A qualified personal residence trust is a special type of irrevocable trust designed to hold a first or second home to reduce potential estate taxes after death.
Creating a Personal Residence Trust
A personal residence trust is formed by the use of a trust agreement, which also contains its governing terms. The agreement must conform to IRS rules and regulations regarding personal residence trusts and any applicable local statutory requirements. You, as the settlor or person who is granting the trust, must determine whom to name as trustee. Your trustee will manage the trust, and while you can name yourself, you'll need to name a successor trustee to take up the reins in case something happens to you.
You'll name your beneficiaries -- the persons receiving the property -- in your trust agreement. After you've created a legally binding personal residence trust agreement, you must transfer the legal ownership of the property to the trust. This is usually accomplished by drafting a new deed that gives the property to the trust and filing the document in the appropriate local land records office.
As gifts above a certain amount must be reported to the IRS for tax purposes ($14,000 in total gifts is allowed for each individual in 2017), you'll have to get your property appraised by a professional real estate appraiser for gift tax reasons. An appraiser will determine the fair market value of your property. The gift is reported to the IRS on Form 709, the United States Gift (and Generation-Skipping Transfer Tax) Return, per the IRS. Your personal residence trust is irrevocable, so you cannot end, alter, modify or otherwise change its terms after creation. The trust must meet the requirements set forth by the Internal Revenue Service to enjoy the associated tax benefits and is not the same as a living trust.
The Personal Use Period
According to US law, you must retain the right to live in the property for a number of years, which is referred to as the personal use period.
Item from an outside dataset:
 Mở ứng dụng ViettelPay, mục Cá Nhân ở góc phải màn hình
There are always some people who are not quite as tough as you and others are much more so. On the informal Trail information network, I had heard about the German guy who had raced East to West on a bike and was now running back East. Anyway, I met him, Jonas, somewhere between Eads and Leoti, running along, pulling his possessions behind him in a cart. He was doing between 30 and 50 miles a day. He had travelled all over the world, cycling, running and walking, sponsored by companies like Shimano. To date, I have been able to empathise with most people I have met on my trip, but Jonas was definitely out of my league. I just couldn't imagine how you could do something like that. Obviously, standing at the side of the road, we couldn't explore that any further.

During this time, you're responsible for paying all bills associated with the property, such as local taxes, and handling all the repair and upkeep for your beneficiary's benefit. You may use the property in just the same way as you did before you created the trust, as you've retained the legal right to use it fully.
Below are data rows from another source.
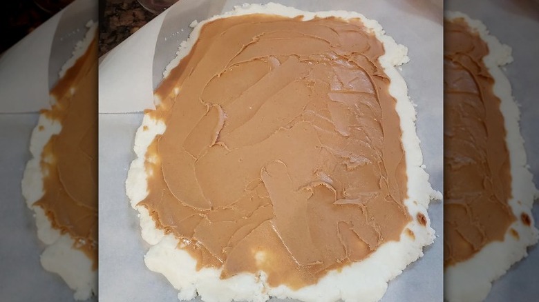 Once you've made and cooled your mashed potatoes, slowly beat in the vanilla extract and powdered sugar. At this point, some recipes call for the addition of a little milk or butter, which you can do for added creaminess. When you have a dough-like consistency, roll it out on a powdered sugar-dusted surface, sprinkle some more powdered sugar on top, and spread your peanut butter on the potato mixture. You may want to warm up your filling first so that it goes on easily and doesn't stick to the dough. Then all that's left is to roll everything into a log, refrigerate the result, and slice it into pinwheels. The mashed potato-peanut butter combo may be unconventional, but you'll understand the appeal as soon as you sink your teeth into your first bite.
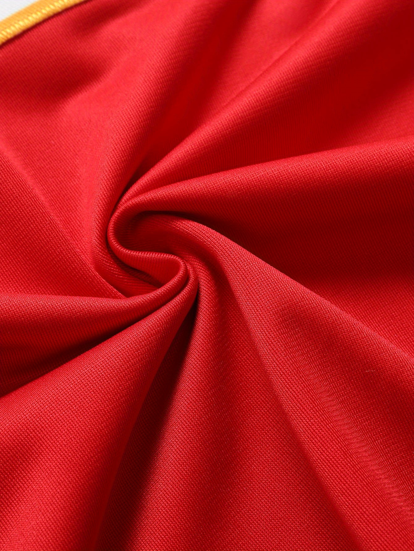 Men's Red #15 Embroidered Rugby Jersey - Loose Fit Breathable V-Neck Top for Sports, Casual & Streetwear | All-Season Machine Washable Athletic Shirt, Outdoor Clothing, Sporty Style, Embroidered Detailing
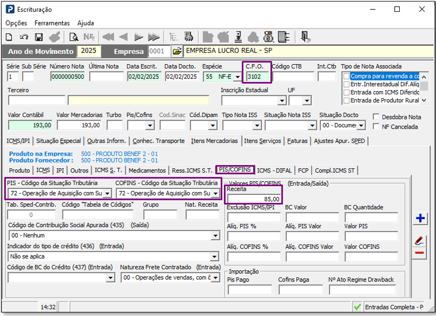 - CST PC: CST de PIS/COFINS do produto informado na escrituração;
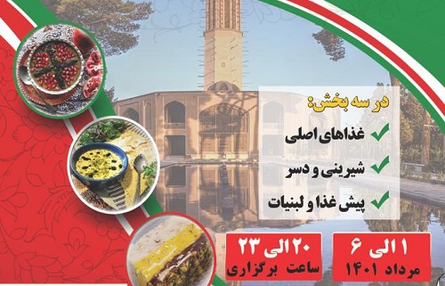 به گزارش روابطعمومی اداره کل میراث فرهنگی، گردشگری و صنایعدستی استان یزد، مصطفی سپهری روز سه شنبه ۲۸ تیرماه با اعلام این خبر گفت: «این جشنواره که مخصوص غذاهای محلی و سنتی روستایی و شهری است در ۳ بخش غذاهای اصلی، پیش غذا و لبنیات، شیرینی جات و دسر برگزار خواهد شد.»

Once your stated personal use period ends, you're required to transfer legal property ownership to your named beneficiary and must pay rent if you continue to reside there. The rent payments are not held as gifts to your beneficiaries at that point, so the money is not subject to gift tax and will further reduce your taxable estate while passing the money on to your beneficiary. The amount you pay must be considered fair market rent for the area and the type of property.
Consider your stated term with care. If you were to pass away before the trust ends, your property will be included as part of your taxable estate, defeating the very purpose of the trust. As with all estate decisions that involve substantial assets, it is prudent to speak with a trusted professional.